Брянов устроился на переднем сиденье.

— Да, времена изменились, — усмехнулся таксист, трогая с места. — Раньше торопились в другую сторону.

— Куда деваться, шеф? — прогундосил сзади Сан Саныч. — Мы там работаем.

Шофер мрачно взглянул на Брянова. Тот, насупив брови, погрозил в зеркальце. Сын сзади хитро подмигнул. Чуть качнувшись на повороте, Брянов нечаянно перехватил в зеркальце взгляд Лены… Серые глаза.

Серые глаза…

Брянов отстранился.

Город двигался, мелькал перед ним… Но он уже не видел ничего, кроме серых глаз.

Волна догоняет его, щекочет ступни…

Он целует сухие и властные губы, и губы сдаются…

Ему нравилось скользнуть языком по остренькому ряду зубов — до боли, почти до пореза — а потом сразу одолеть ее язык, совладать с ним…

Волна накатывает, шлепает по икрам.

Элиза совсем невесома. Он легко поднимает ее, отрывает от песка…

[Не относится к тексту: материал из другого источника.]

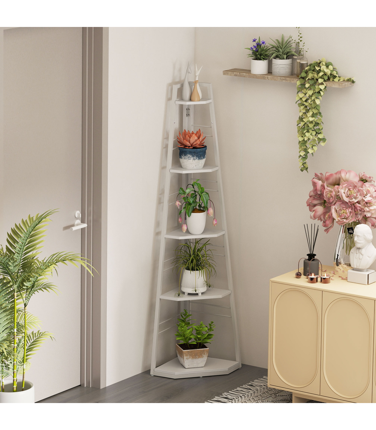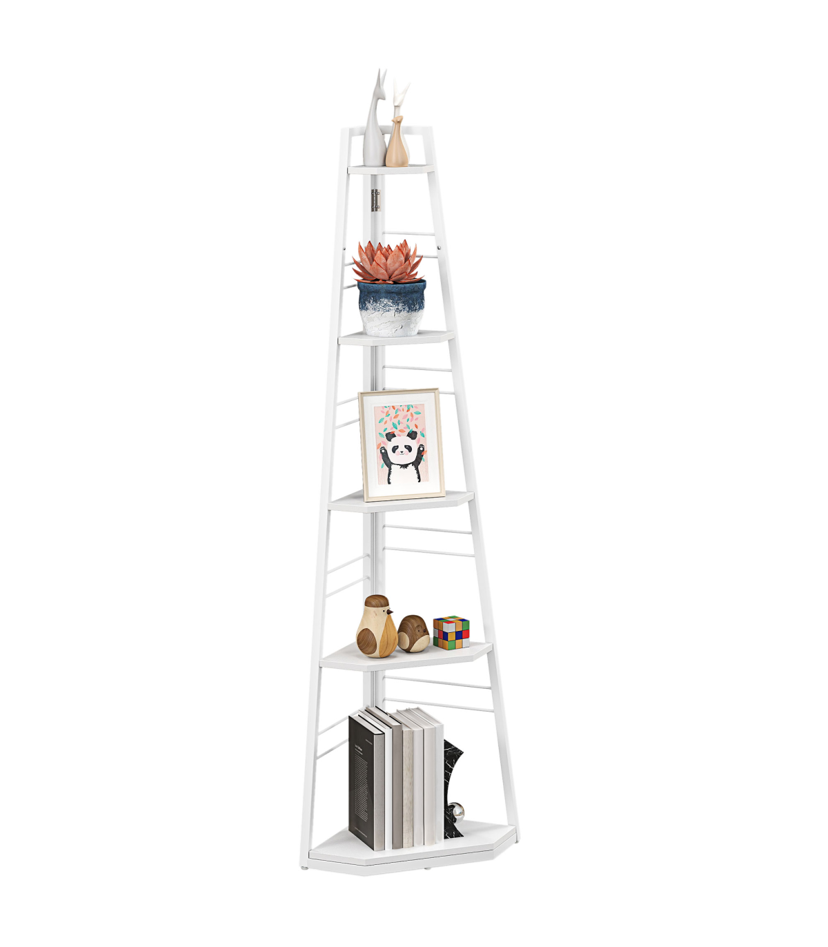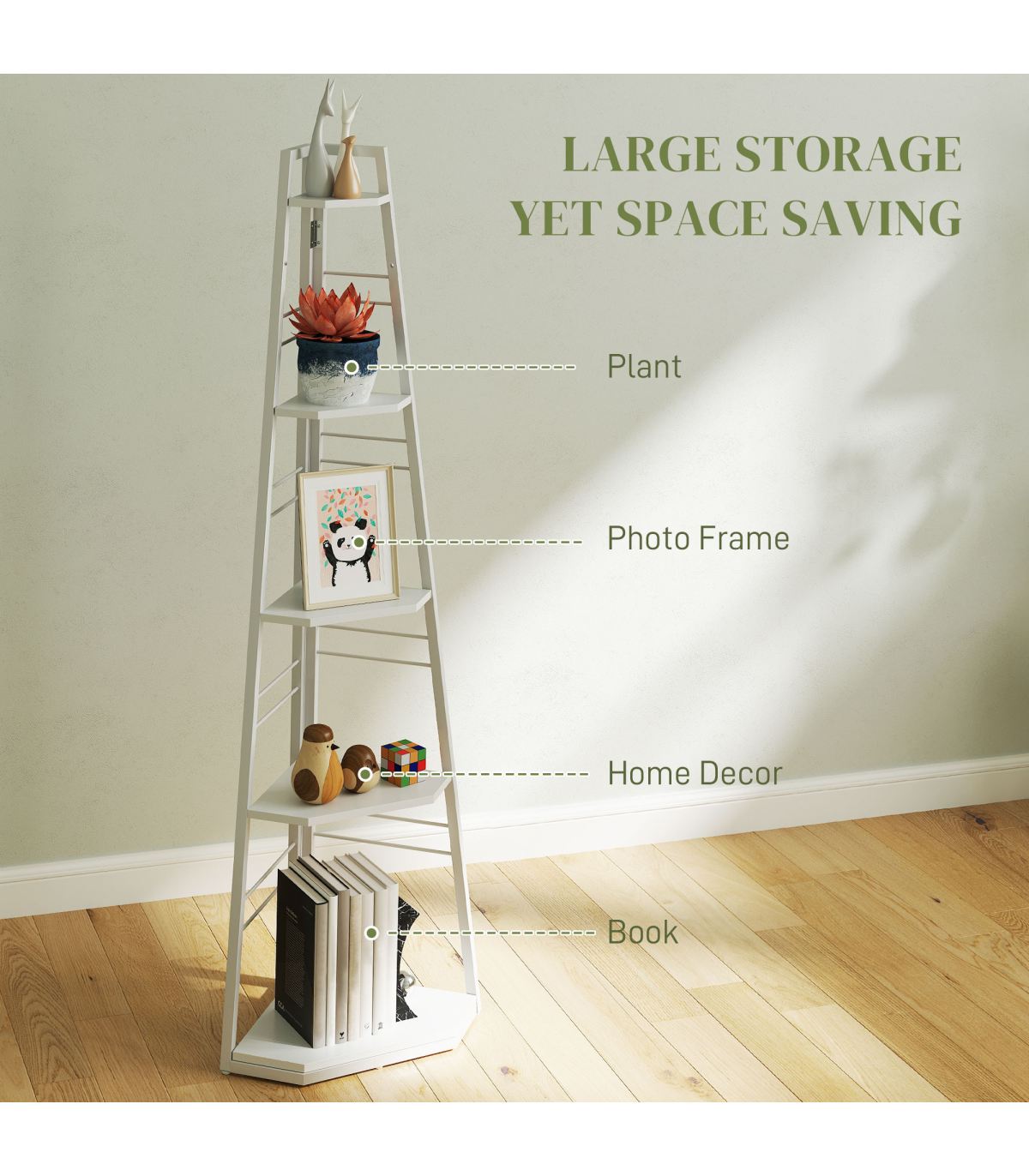 ● Five shelves: plenty of room for books, flowers, photos, ornaments and more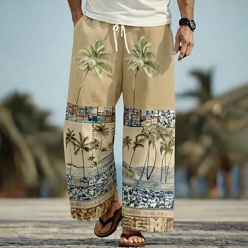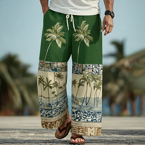 Per uomo Albero di Cocco Palma Piante Tropicali Pantaloni Pantaloni Larghi Pantaloni casual Misura del girovita medio Hawaiano All'aperto Vacanza Abbigliamento mare Coulisse elastica in vita

Нет, она сама вспархивает набегающей волной, крепко обхватывая его бока ногами.

Он опускается на колени.

Он бережно опрокидывает ее на сырую мягкую гладь песка… в ее светленьком платье с цветочками.

Новая волна еще сильнее, еще выше. С шумом она накатывает сзади, подхватывает за край платье и накрывает ее всю, накрывает ее лицо — и она с неистовым усилием отталкивается от песка, вырывается из струй воды, из пены и толкает его назад, опрокидывает, сжимая его бедрами так, что не вздохнуть, будто он сам глубоко под волной.

Элиза!

Горячая волна обожгла Брянова. Он едва не до крови прикусил губу.

Сан Саныч заметил неладное:

— Бать, тебе что, плохо?

Брянов вытер ладонью выступивший на лице пот, перевел дух.

— Хорошо, — хрипло ответил он. — Только не вовремя.

Еще раз переведя дух, он добавил:

— Вспомнил кое-что новенькое…

Ничего себе «новенькое»!

Он украдкой посмотрел на водитёля, потом — на свои колени, потом — вокруг: что там делается в Москве? Он знал, что произошло на Канарах, а вот о происшедшем в Москве надо было теперь вспоминать!.. Прибавилось хлопот в ГУМе: зайти в туалет и привести себя в порядок… Такого с ним не случалось с возраста Сан Саныча.

Когда-то он мечтал не раз и не два: вот так, посреди пустого пляжа, в волнах прибоя… Не сбылось. Не сошлось.

Теперь будто какой-то злой дух издевался над ним. Давал кредит. На какую плату намекал?..

Как там насчет души?..

Сан Саныч был прав: надо поднять в аптеке шухер, да такой — чтобы сразу попасть в каталажку! Может, тогда эти. засуетятся и объяснят ему, на каком он свете…

Сын остановил такси около «Детского мира».

— Разбежимся здесь, — предложил он. — Мы сразу двинем в ГУМ, а ты еще немного поплутай. В ГУМе мы пересечемся в дверях ровно через сорок пять минут. Давай сверим шестеренки… Значит, так. Ты входишь — мы выходим. Мы незаметно передаем тебе чистые кассеты. Потом ты присматриваешь себе костюмчик, можешь померить… а потом идешь в аптеку. Мы идем следом. Заодно смотрим, нет ли за тобой «хвоста». Дальше — по обстоятельствам.

По деликатному и неотложному делу Брянов забежал прямо в «Детский мир». Ассоциация получилась довольно пошлой, и Брянов брезгливо усмехнулся.

Затем до окончания срока он бродил среди толп занятого народа, вдохновленного московским оживлением, почти ничего не замечая вокруг.

В назначенное время он подошел к нужной двери ГУМа — и сразу столкнулся с двумя знакомыми рокерами, чуть не испачкавшими его мороженым.

— Полный вперед, бать! — донеслось до него. — Только не оглядывайся!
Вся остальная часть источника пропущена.